I have a server and I’m seeing these spikes:

Nginx, php-fpm, mariadb. No traffic spike, no network problems, no cron running at the time.

This is a VM on top of Proxmox with ZFS (HDD), no limitations are configured. How to trace the problem?

The spikes are up to 15MB/s and 600IOPS for a short period. I wouldn’t really bother, especially if you are on ZFS and have no real problem with the disk access times. Maybe it’s just ZFS moving RAM cache to the drive or Proxmox writing various logs in that period.

1 Like

It’s causing website downtime, no more than 20 seconds.

1 Like

What are your magical kernel tuning params? What’s your scheduler? Are you running deadlock?

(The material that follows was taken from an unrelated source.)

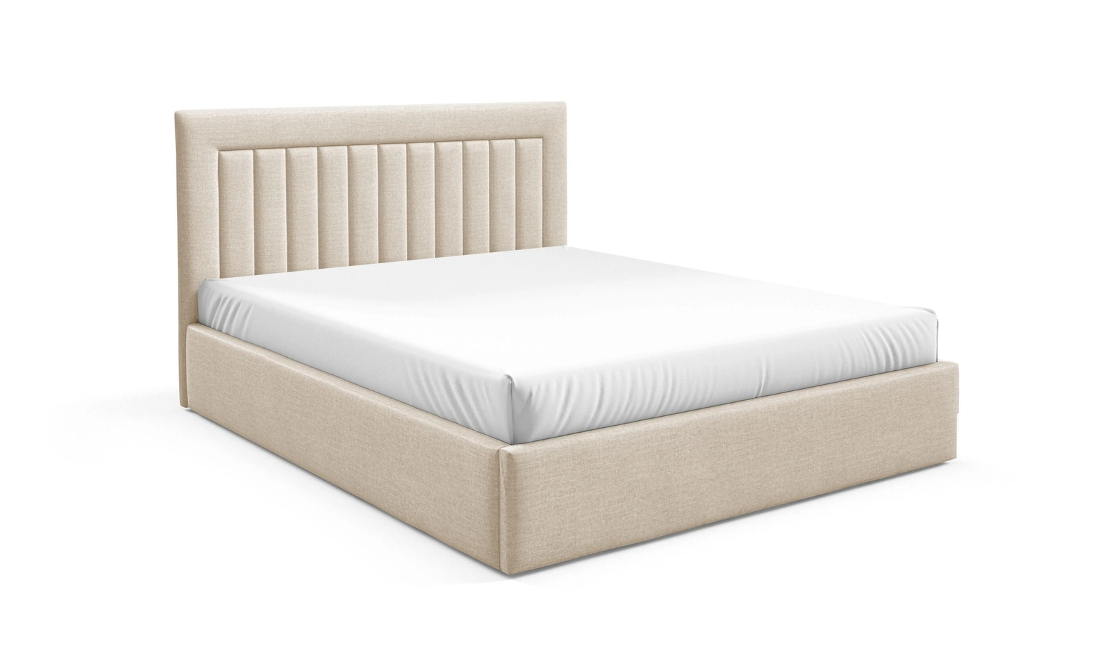 Łóżko tapicerowane Togo 140x200 kremowe eleganckie i funkcjonalne łóżko do sypialni gustowne pionowe przeszycia na wezgłowiu

This is what I use on my KVM node:

vm.dirty_background_ratio = 7
vm.dirty_ratio = 12
vm.swappiness = 12

Granted, this is my personal node, and it’s an ugly 5xxx from the Reagan era, but even with my usual security stuff, monitoring, and cron jobs, I don’t have anywhere near that kind of burst.

3 Likes

There’s a utility named “iotop” that should help you find the cause to the spikes.

4 Likes

That’d be my choice as well.

2 Likes

Thanks. iotop will be useful in real time, right? But this happens so fast that when I log in to the server, everything is already normal.

1 Like

You need to monitor it when this occurs. Spikes happen, but you need to track it back.

1 Like

It’s possible something like syssnap might catch it. I mean monitoring systems all work on polling as far as I know so it’s surely happening for long enough periods of time that your current monitoring picks up on it.

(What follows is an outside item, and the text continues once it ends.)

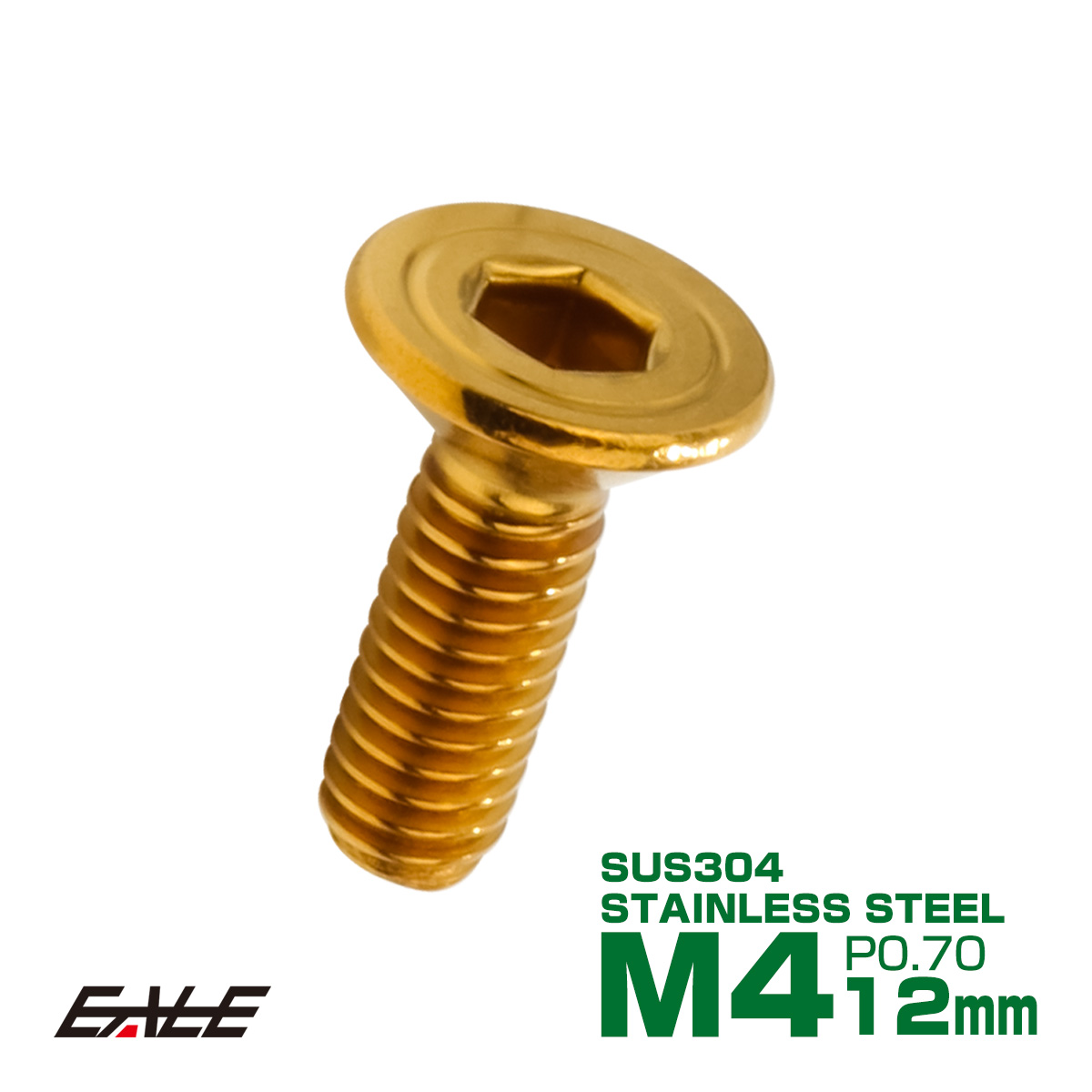 皿ボルト M4×12mm P0.7 シェルヘッド SUS304 ステンレス 六角穴 皿キャップ ゴールド TR0998

My logic may not be sound.

2 Likes

Maybe try something like this: How to Monitor Disk IO on Linux Server with Iotop and Cron - BinaryTides. After you see it spike in your monitoring, check the iotop logs you’ll be keeping to track down the cause.

2 Likes

I’d also suggest setting up sar, if you haven’t. It’ll help you break it down further- depending on your virtualization. ioperf/iotop/binfalse may all work for you - just need to peg it down. Make cron send you a note, et al…

3 Likes

apt-get install glances

glances


apt-get install iotop

iotop


2 Likes

What do these do for your node specifically?

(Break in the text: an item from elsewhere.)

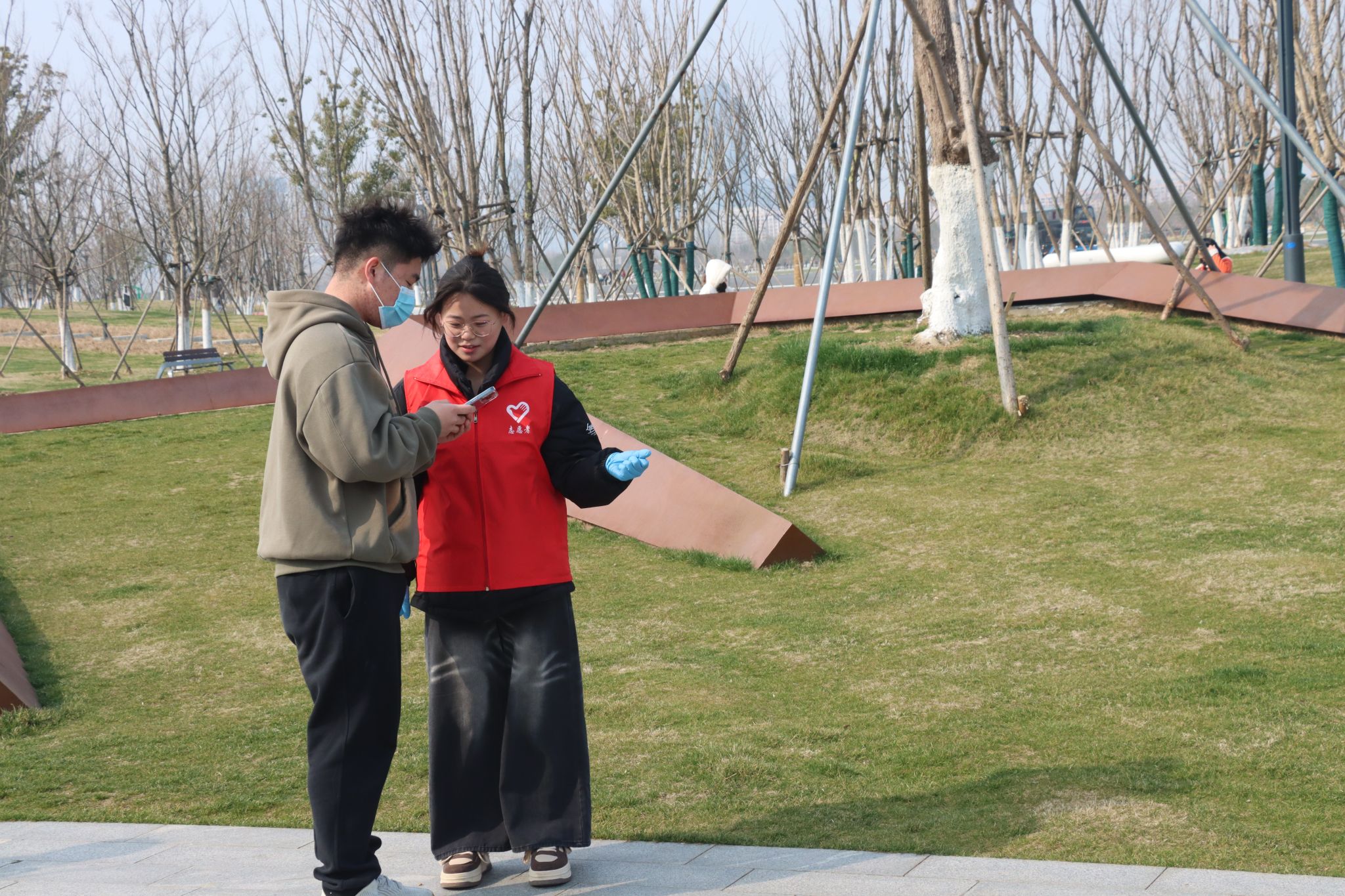 志愿者们秉承着“自我实践、服务他人、自我教育、推动社会”的志愿服务宗旨,在骆岗中央公园中默默奉献,热情服务游客。青年志愿者们团结协作,认真负责,主动拾起草坪上的垃圾,积极为游客们指引方向,答疑解惑。以自身服务为行动,在园内共筑爱心桥梁。

It’s basically a way to control page writes to the disk and RAM. The lower the number, the faster it’s going to start thrashing a bit more, but it’s going to ensure things aren’t in an ugly state. I run softraid on a lower end CPU, so I am a bit paranoid about my data safety.

I also want the most performance possible from this ~12 year old hardware, so if I/O isn’t being an issue, I’ve got swappiness set very low, so it won’t page out if unnecessary.

I’d definitely recommend Netdata to help track it down. One of the charts is disk IO per application, which should help you figure out where the disk activity is coming from.

By default it’ll keep about an hour of data at 1 second granularity (consumes ~10 MB RAM for one hour of data for 1000 metrics) which should be sufficient to track down something like this, but you can increase that if needed, or log the data to Prometheus for long-term storage.

Here’s an older thread about it: Netdata - Awesome System Monitoring Tool

4 Likes

NetData works very well, been using it last month

1 Like

Secondly, are you running this on the VMs and / or the host?

1 Like

Hypervisor.

1 Like

Interesting, why not inside the VMS?

1 Like

@Munzy

Glances is awesome, InfluxDB is blazing fast, while still low on resources.